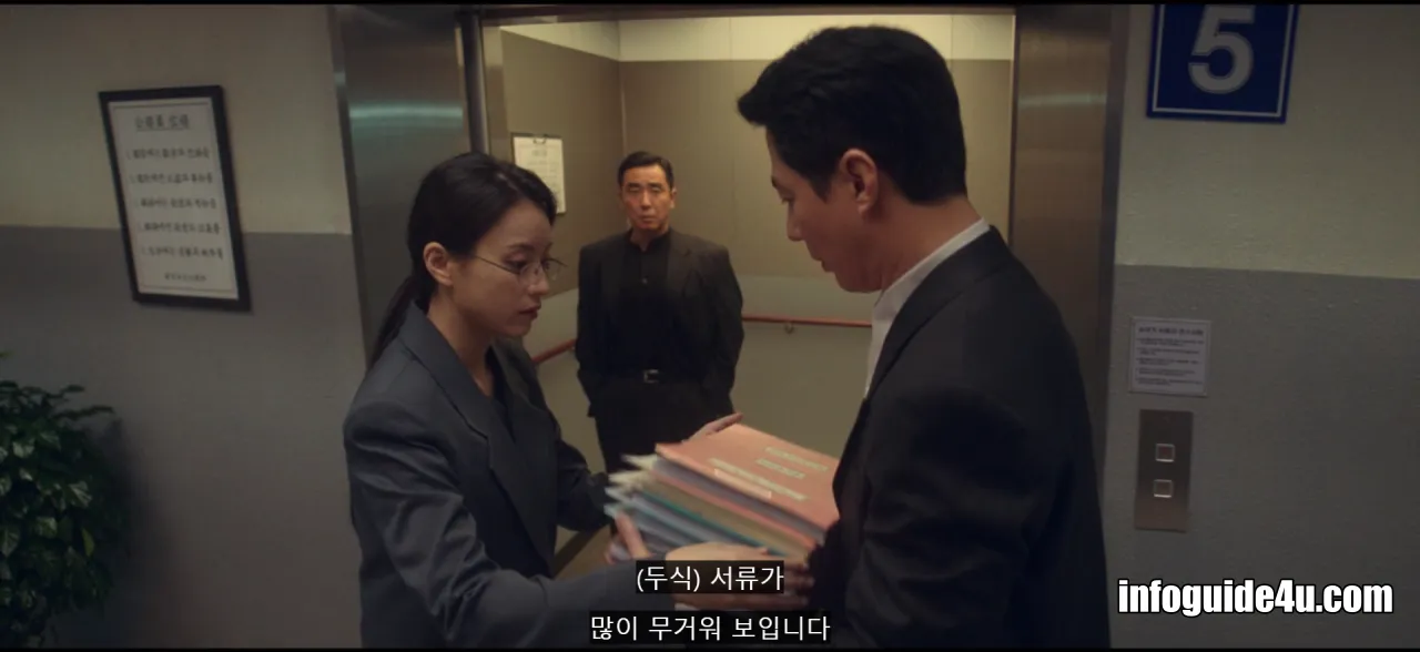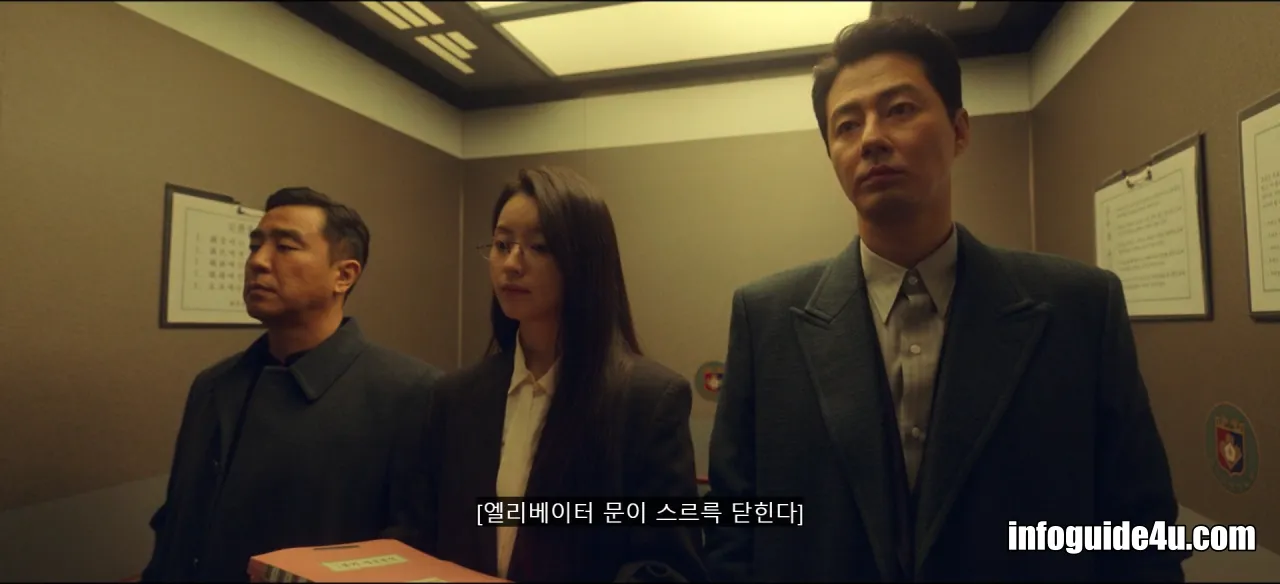 드디어 작전 첫날, 미현은 일부러 두식이 안기부에 올 때를 기다려 엘리베이터에 같이 탑승하는 데 성공합니다.
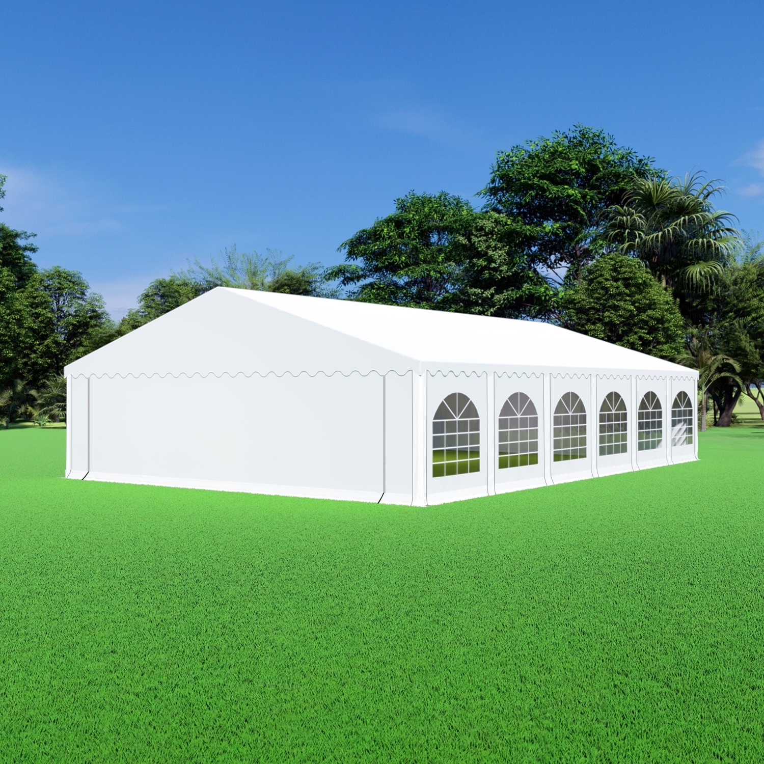 De zijwanden met raam, waarvan er 12 bij deze partytent aanwezig zijn, zijn ook gemaakt van PVC van 550 gram per m2. De mooie boogvensters zijn gemaakt van stevige vensterfolie dat mooi helder en veel licht doorlaat. Deze zijwanden hebben rondom oogringen en worden hiermee met sterke elastieken aan het frame vastgezet. De zijwanden hebben een extra tochtflap van 30cm onderaan om wind, vuil en water buiten de tent te houden.
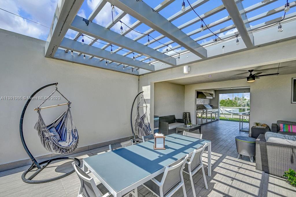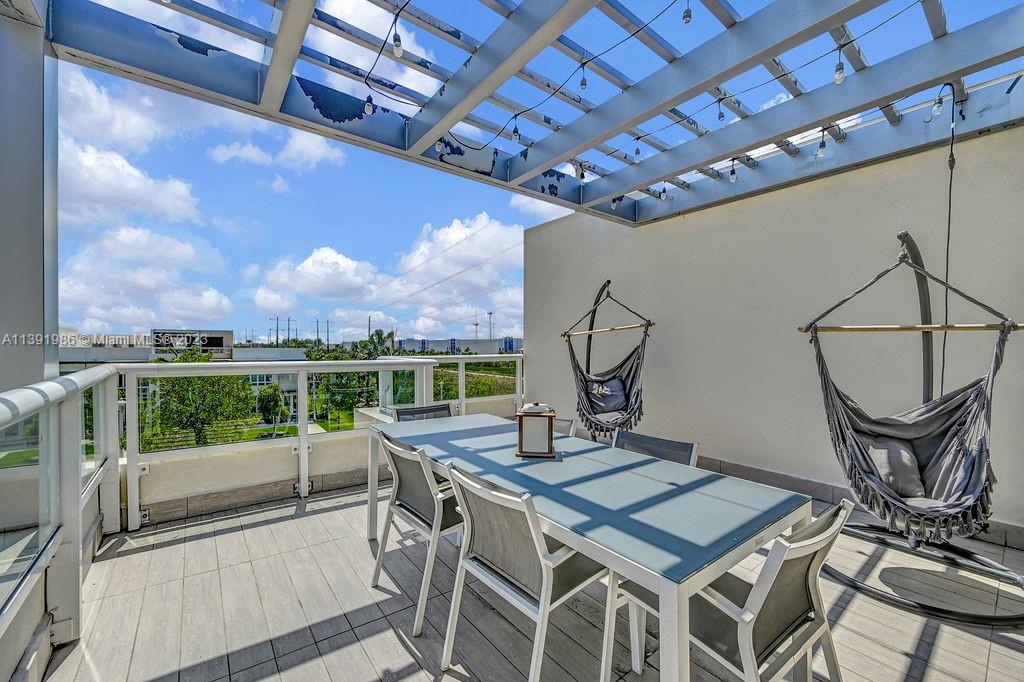 BACK ON MARKET! Modern Townhome at Landmark Doral. Amazing location located right in front of a beautiful walking park! This trip-level unit has modern finishes featuring an open kitchen at entry level and a beautiful rooftop terrace with an outdoor kitchen and lounge area perfect for entertaining!
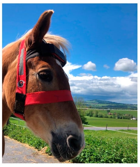 The wearable horse unit of the automated equine monitoring system (Hoofstep®) is attached to the horses’ forehead using a special flexible softshell head collar.
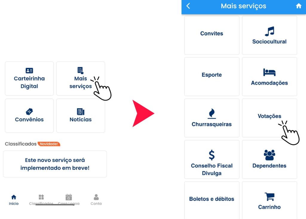 A votação também estará disponível no aplicativo oficial da APCEF/MG, disponível para Android e iOS (buscar por APCEF/MG nas lojas). Após baixar o App, basta acessar com a mesma senha que você definiu na área do usuário. E para votar, clique no botão MAIS SERVIÇOS na tela inicial, e depois em VOTAÇÕES:

====================

The lines needed run from the first line of the records through the line containing "De zijwanden met", both included. Restate them word for word, without pictures.

RESULT OF THE TASK:
 드디어 작전 첫날, 미현은 일부러 두식이 안기부에 올 때를 기다려 엘리베이터에 같이 탑승하는 데 성공합니다.
 De zijwanden met raam, waarvan er 12 bij deze partytent aanwezig zijn, zijn ook gemaakt van PVC van 550 gram per m2. De mooie boogvensters zijn gemaakt van stevige vensterfolie dat mooi helder en veel licht doorlaat. Deze zijwanden hebben rondom oogringen en worden hiermee met sterke elastieken aan het frame vastgezet. De zijwanden hebben een extra tochtflap van 30cm onderaan om wind, vuil en water buiten de tent te houden.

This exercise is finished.